• Task item:
Repeat only the lines below from the one that contains "Et meget spændende" through the final line, exactly. Omit pictures.

• Exercise data:
◆ ◆ ◆
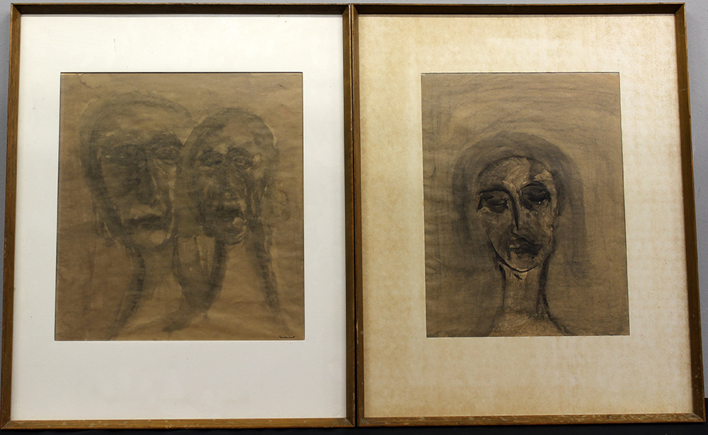 “Volti”, lotto di due disegni a china su carta (cm 34x31 e 34x26) firmati in basso a destra, in cornici (lievi difetti)
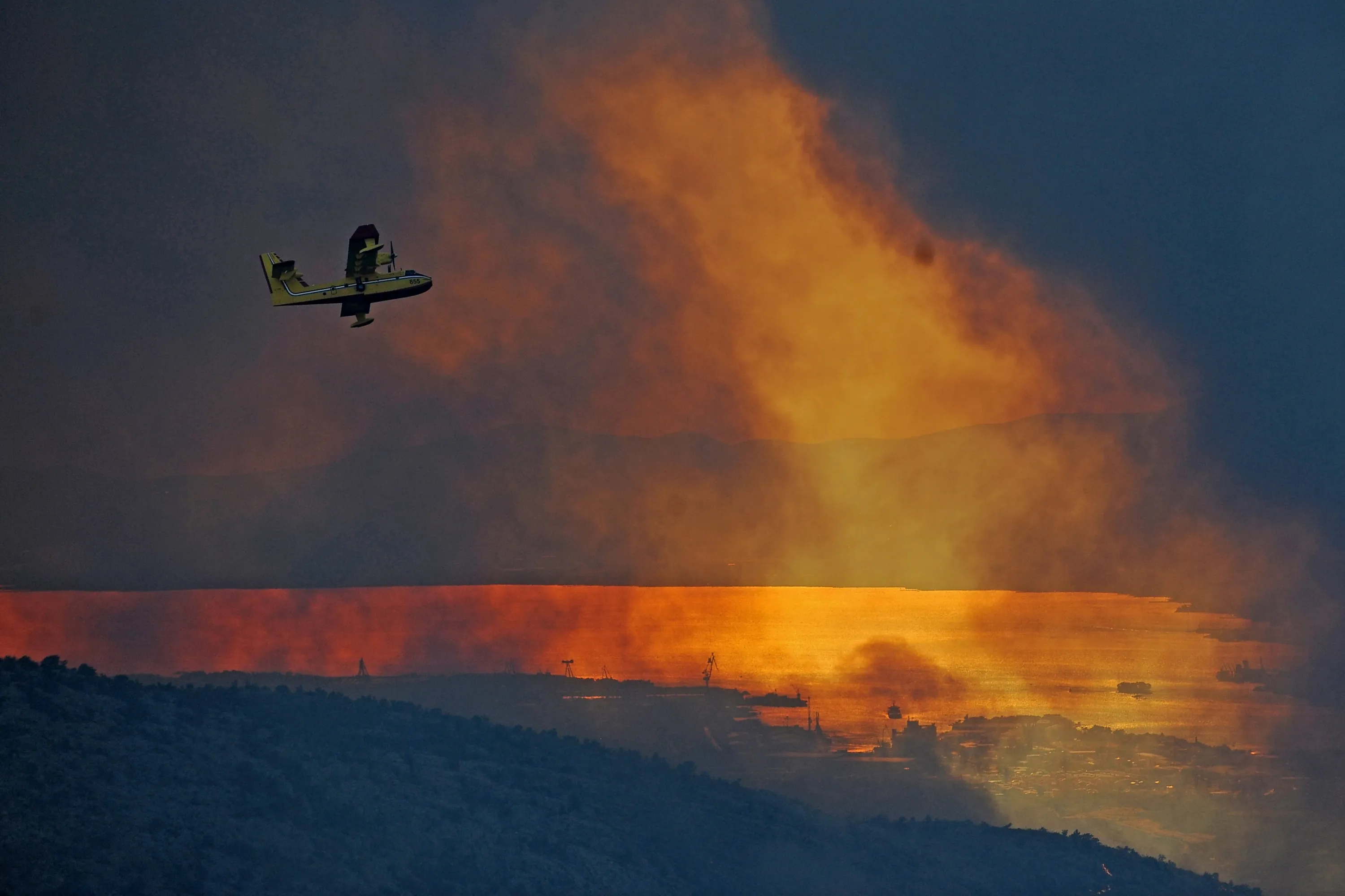 A firefighting aircraft flies over areas burnt by wildfires around Split, Croatia, 18 July 2017. Croatian firemen try put the wildfires under control along the Adriatic coast that has damaged and destroyed some houses in villages around the city of Split. (Photo by EPA/Stringer)
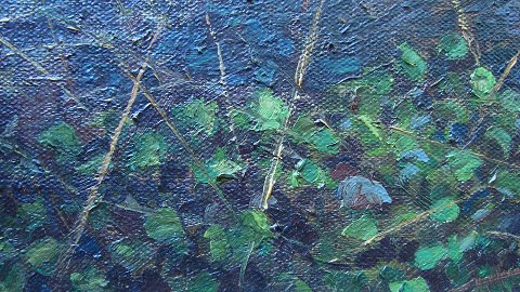 Et meget spændende maleri - rigt detaljeret med græs, grene, blade og ikke mindst fuglen - en skov sneppe.
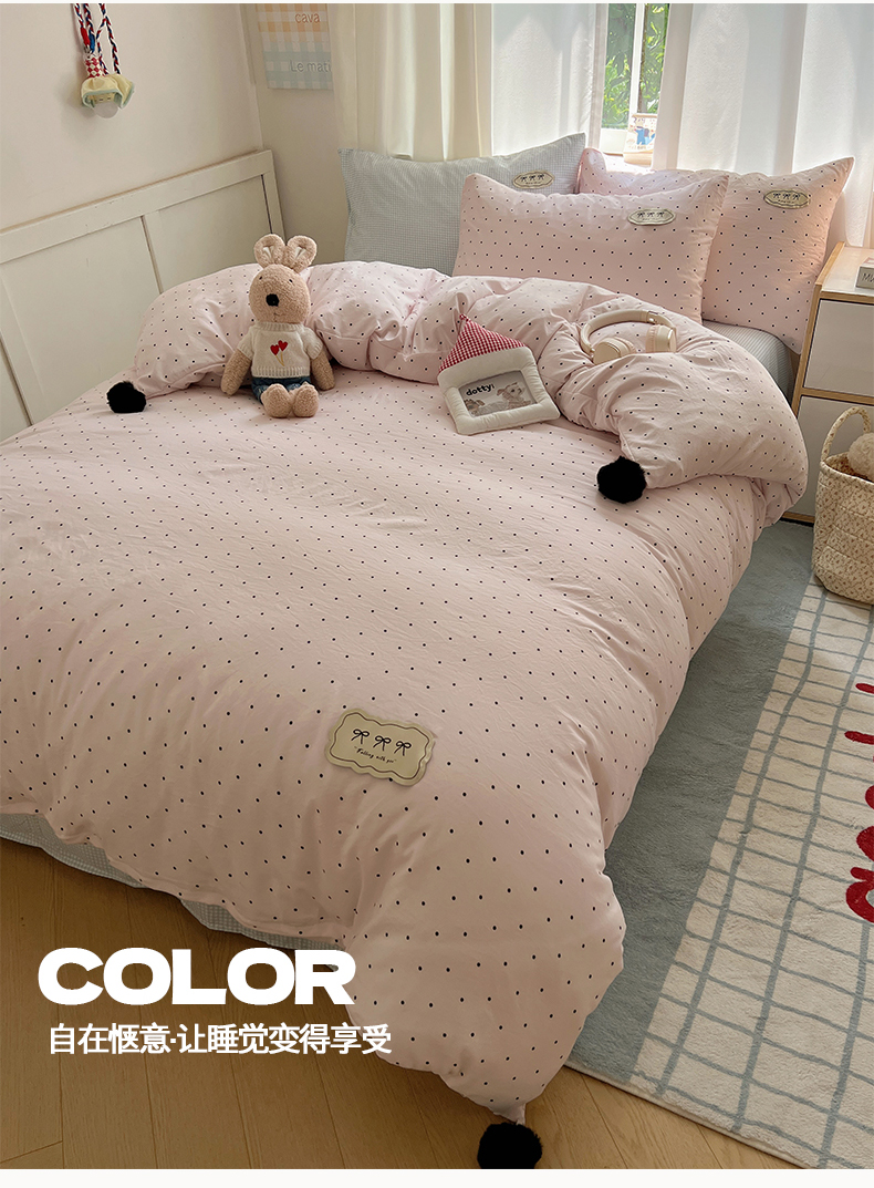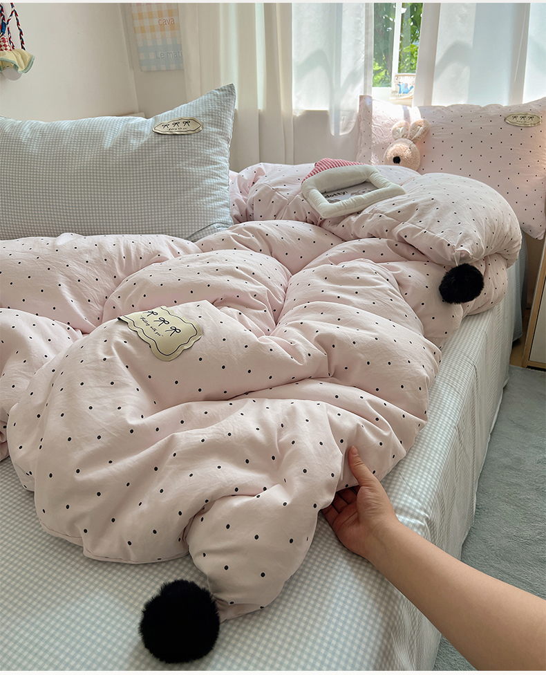当前位置: 91家纺网 > 商品网购 > 床品套件 > 四件套 > 全棉普通四件套 > 桃心家居 2025新款A类ins云柔水洗棉织标混搭蝴蝶结毛球少女奶呼呼仙气四件套系列 水洗棉毛球-蝴蝶结奶昔粉蓝
◆ ◆ ◆
• Response:
 Et meget spændende maleri - rigt detaljeret med græs, grene, blade og ikke mindst fuglen - en skov sneppe.
当前位置: 91家纺网 > 商品网购 > 床品套件 > 四件套 > 全棉普通四件套 > 桃心家居 2025新款A类ins云柔水洗棉织标混搭蝴蝶结毛球少女奶呼呼仙气四件套系列 水洗棉毛球-蝴蝶结奶昔粉蓝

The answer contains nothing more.